RB Wrestling the comeback


This morning looking at the monitoring our RB does not look happy. You can judge yourself on the plot below. It clearly seems that when the submission rate is too high the workload manager can just not eat the jobs fast enough to reduce the queue length. I have asked help from Maarten, we'll see what he come up with. I think I will have a look in the rb code to find out what is going on...

Monday, February 19, 2007

Certificates and Mars

I was worried by the low number of jobs at LeSC. There was not much jobs there.
It is very difficult to get an hold on the output files of failing jobs. Thanks to sge we can find out where it is located
  • qstat -j jobid will print out the std.err and std.out of the jobid given
The problem was:

globus_i_gsi_gss_utils.c:2155: globus_i_gsi_gssapi_init_ssl_context: Error with openssl: Couldn't open bio for reading on file: /homes/lt2-lcg/grid-security/certificates/47d3d1a0.0

and that is because when untarring the files in the certificate directory one of the certificate
was not readable by the lt2-[users]. This is now fixed and I will chase up lhcb to understand
if they can run there without problem.

Wrestling with our RB

We are still observing very long time (several minutes) to have a job going from the waiting state to the scheduled state. This means that the network server of the rb is accepting the job but the workload manager is running out of steam to process it and do the match making.
  • I monitored the rb by looking at the number of entries in the input queue (/var/log/edgwl/workload_manager/input.fl). Checked the number of entries that matches the regular expression ("g$").
  • Plotting the number of entries waiting to be accepted by the workload manager as a function of time. The result is here.

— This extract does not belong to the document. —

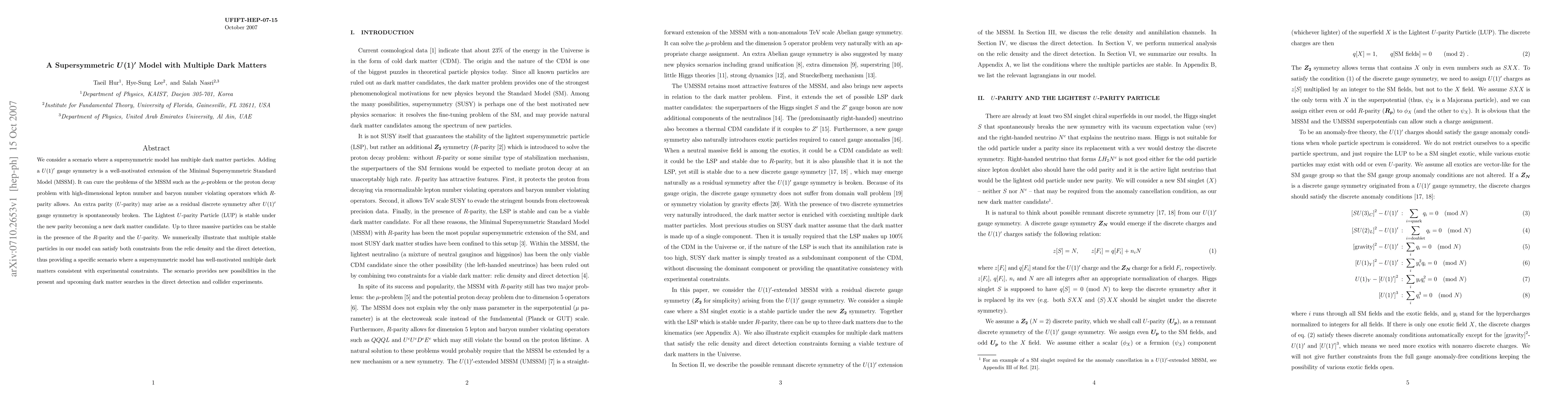 We consider a scenario where a supersymmetric model has multiple dark matter particles. Adding a U(1)' gauge symmetry is a well-motivated extension of the Minimal Supersymmetric Standard Model (MSSM). It can cure the problems of the MSSM such as the mu-problem or the proton decay problem with high-dimensional lepton number and baryon number violating operators which R-parity allows. An extra parity (U-parity) may arise as a residual discrete symmetry after U(1)' gauge symmetry is spontaneously broken. The Lightest U-parity Particle (LUP) is stable under the new parity becoming a new dark matter candidate. Up to three massive particles can be stable in the presence of the R-parity and the U-parity. We numerically illustrate that multiple stable particles in our model can satisfy both constraints from the relic density and the direct detection, thus providing a specific scenario where a supersymmetric model has well-motivated multiple dark matters consistent with experimental constraints. The scenario provides new possibilities in the present and upcoming dark matter searches in the direct detection and collider experiments.
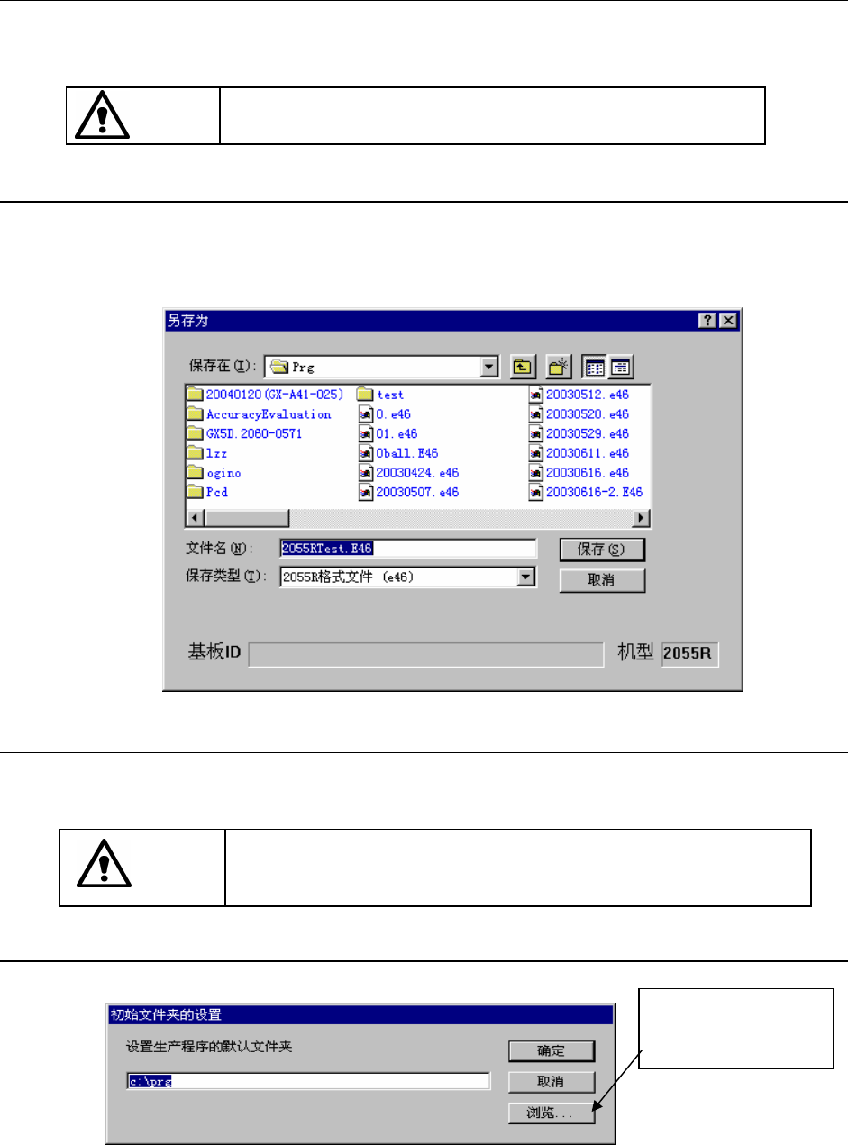 第 2 章 生产 2-6-3 覆盖保存 覆盖保存生产程序。 从菜单栏中单击“文件”/“覆盖保存”,则该文件被覆盖保存。 注意 覆盖保存后,原来的文件内容将被删除,敬请注意。 2-6-4 另存为 对于编辑后的生产程序,当要改变文件夹或指定文件名后再保存时,选择此项。 ① 单击“文件”/“另存为”。 ② 在“另存为”画面中,指定文件夹和文件名,单击“保存”。 2-6-5 文件管理 启动Windows的资源管理器。 可以对文件夹或文件进行删除…

The left scale (blue dots) is the number of jobs waiting to be matched. The right scale (red dots) is the number of jobs submitted per unit of 10 minutes

  • You can see a clear drop at the end of the x range. I think this is because I have reduced the number of threads for the network server and increased that number for the workload manager. The file to look at is /opt/edg/etc/edg_wl.conf .
    • For the NetWorkServer:
      • MasterThreads = 4;
      • DispatcherThreads = 6;
    • For the WorkLoadManager
      • NumberOfWorkerThreads = 10;
I will continue to monitor it during the night because the drop is not fully understood. Maybe it is the cms production that has slowed down and is giving some air to the rb.

Monday, February 12, 2007

Resurrection of the Blog

ICT the Grid

Today we are back in business with ICT to get their cluster on the Grid.
  • They will provide one machine and install RHEL3 i386 so that we don't have the RHEL4 problem.
  • We have to find out how to modify the information system since they are running pbspro which does not have exactly the same commands as pbs.
  • They will create the pool accounts and we have yet to make sure that we can run prolog scripts to get the lcg environment correct
QMUL
  • Atlas cannot install the tags. They tried to install the new software but it is not published correctly.
  • Maybe this is because we are publishing another subcluster to publish the 64 bit queues. I'll make a wiki entry with explanations how this was done. The dynamic information does not seem to be correct though.
Imperial Hep
  • Mona has enabled camont and total on our rb. We now need a site to test it and we also need to enable it on the lesc and ic-hep ce.